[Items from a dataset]
* * * * *

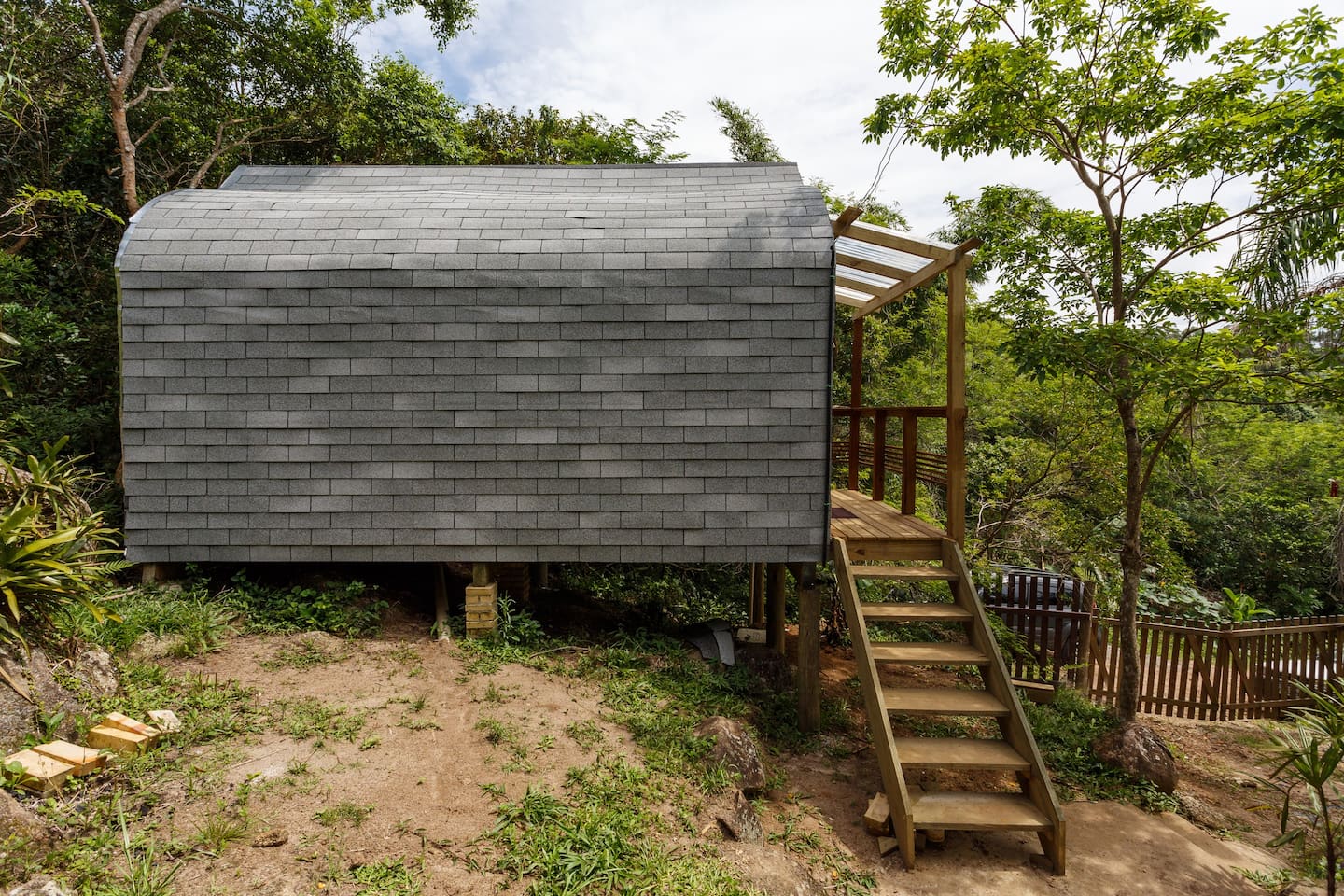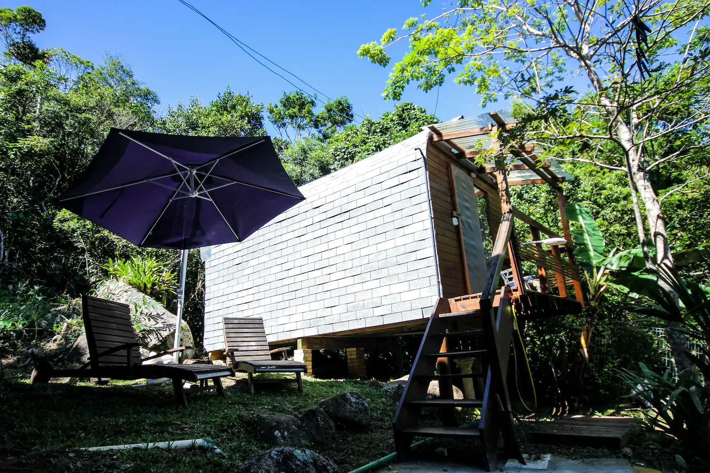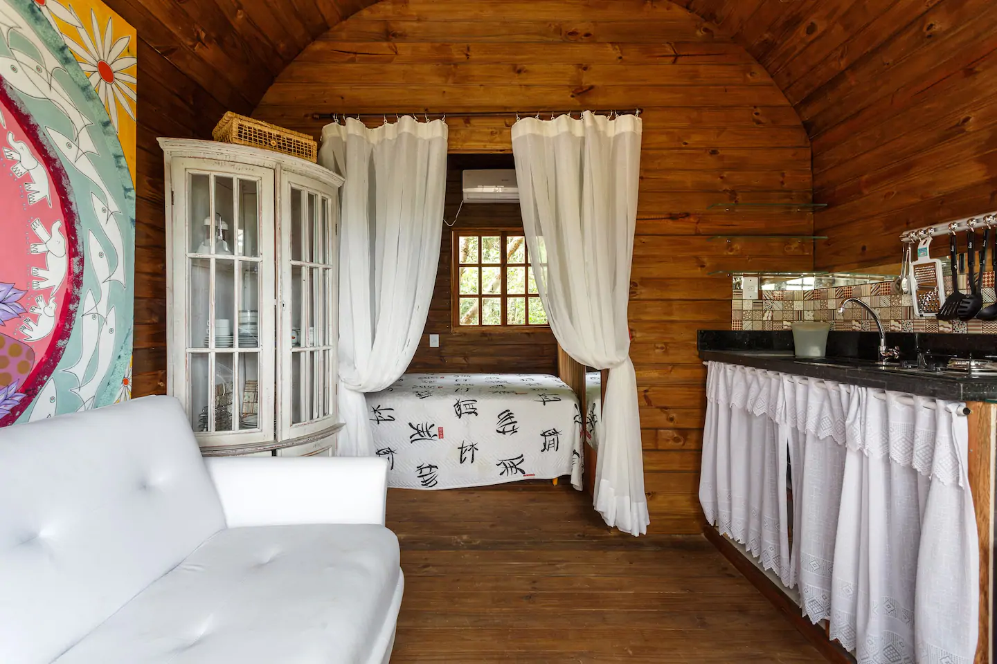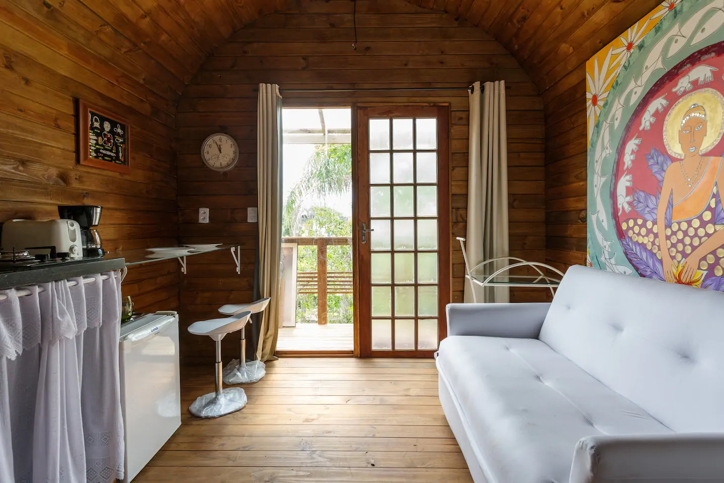 Essa de madeira encontramos em um morro em Florianópolis, pra quem curte uma aventura diferente. As Microcasas como são chamadas por aqui, tem uma dimensão de 8 a 40 metros quadrados e isso somado ao estilo cool e tudo equipado com apenas o essencial, é o que as torna especiais. Aqui são no total 18 metros quadrados, sendo 3 de largura e 6 de comprimento - hospeda no máximo 2 pessoas.
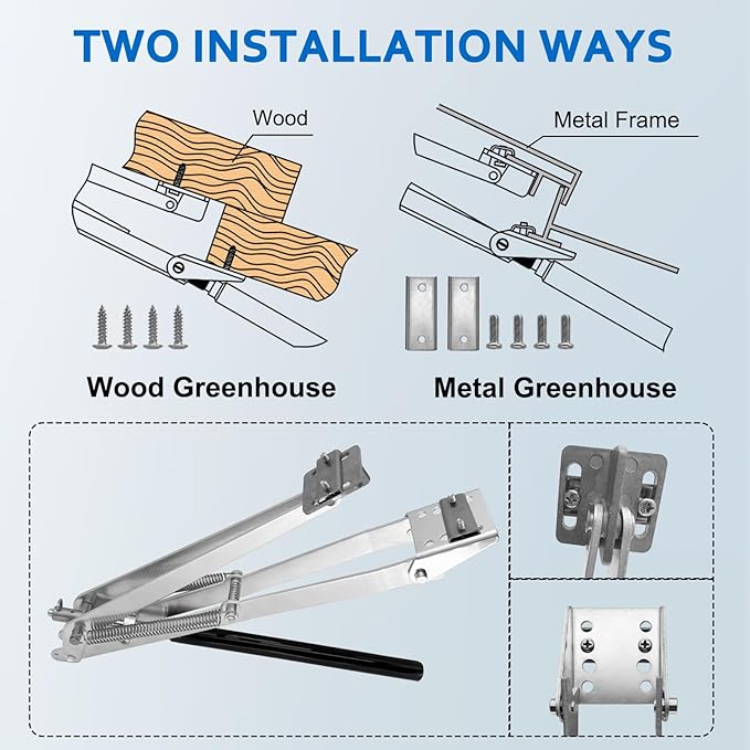 - Double Spring Design: Compared with the single spring vent, the double spring greenhouse window opener has stronger thrust force, more solid, and much durable.
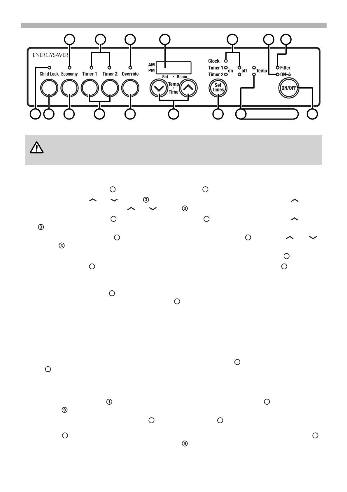 2. Press the Timer 1 and/or Timer 2 button(s) . The Timer indicator(s) will glow. The heater will now remain
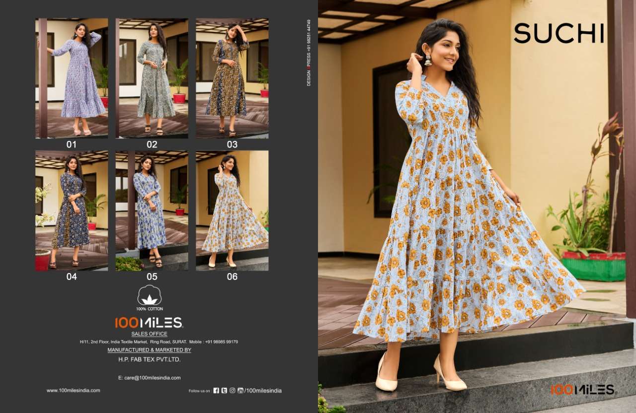Catalog : SUCHI Style : Pure cotton Printed long dress with lace and Pintex detailing and with flair gathers. Length: 49-50 BRAND : 100MILES® SIZES : M to 2XL RATE : 535/- Pieces: 6 per Bag |
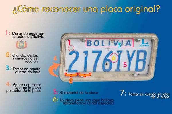 Marca de agua, el ancho de los números, el tipo de letras, el material utilizado para su fabricación, cinta brillosa retroreflectiva y la marca láser son los seis principales elementos de seguridad que se encuentran incorporados en las placas originales de todos los vehículos que circulan en Bolivia.
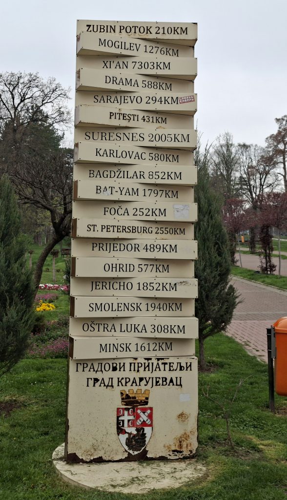 На улазу у Велики парк, у једном од најпосећенијих крагујевачких шеталишта већ више година стоји путоказ са именима и километражом до градова побратима и градова и општина са којима Крагујевац има пријатељску сарадњу, тј. са којима на основу потписане Повеље сарађује. Град иначе остварује међународну сарадњу са преко 30 градова, а прва Повеља о братимљењу потписана је 1967. године са француским градом Сиреном који у Крагујевцу има и своју улицу.
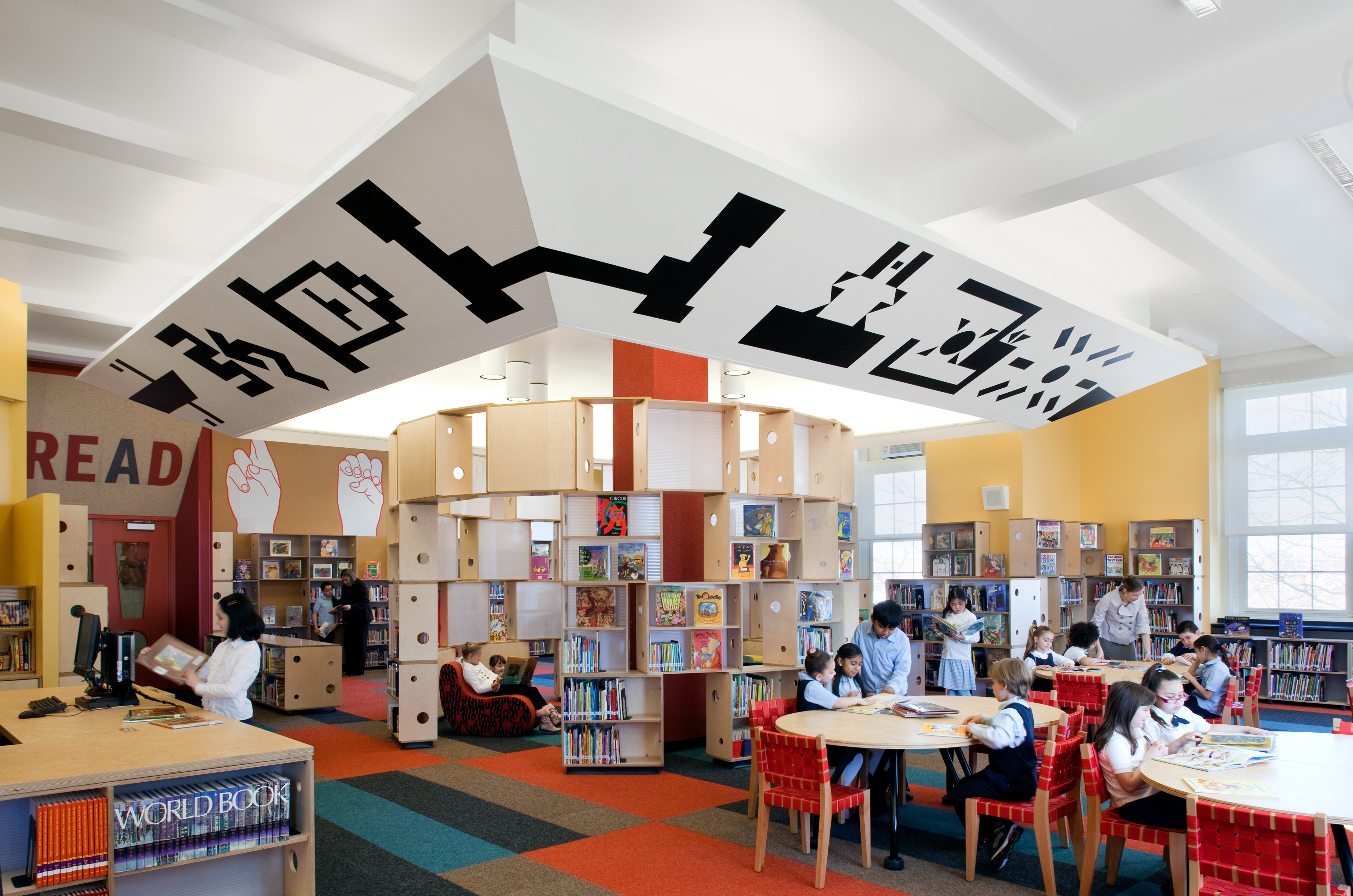 The L!brary Initiative, a poverty-fighting program of the Robin Hood Foundation, is responsible for building dozens of libraries in under-funded New York City public schools. The spaces were designed by many up-and-coming and established architects. In my role as designer at Pentagram, I was responsible for most of the graphics and signs that finished the spaces.

* * * * *

— Exercise brief —
The output is the stretch above from the line with "2. Press the" through the line with "Marca de agua, el", copied word for word with both ends kept and every picture dropped.

— Answer to the problem —
 2. Press the Timer 1 and/or Timer 2 button(s) . The Timer indicator(s) will glow. The heater will now remain
Catalog : SUCHI Style : Pure cotton Printed long dress with lace and Pintex detailing and with flair gathers. Length: 49-50 BRAND : 100MILES® SIZES : M to 2XL RATE : 535/- Pieces: 6 per Bag |
 Marca de agua, el ancho de los números, el tipo de letras, el material utilizado para su fabricación, cinta brillosa retroreflectiva y la marca láser son los seis principales elementos de seguridad que se encuentran incorporados en las placas originales de todos los vehículos que circulan en Bolivia.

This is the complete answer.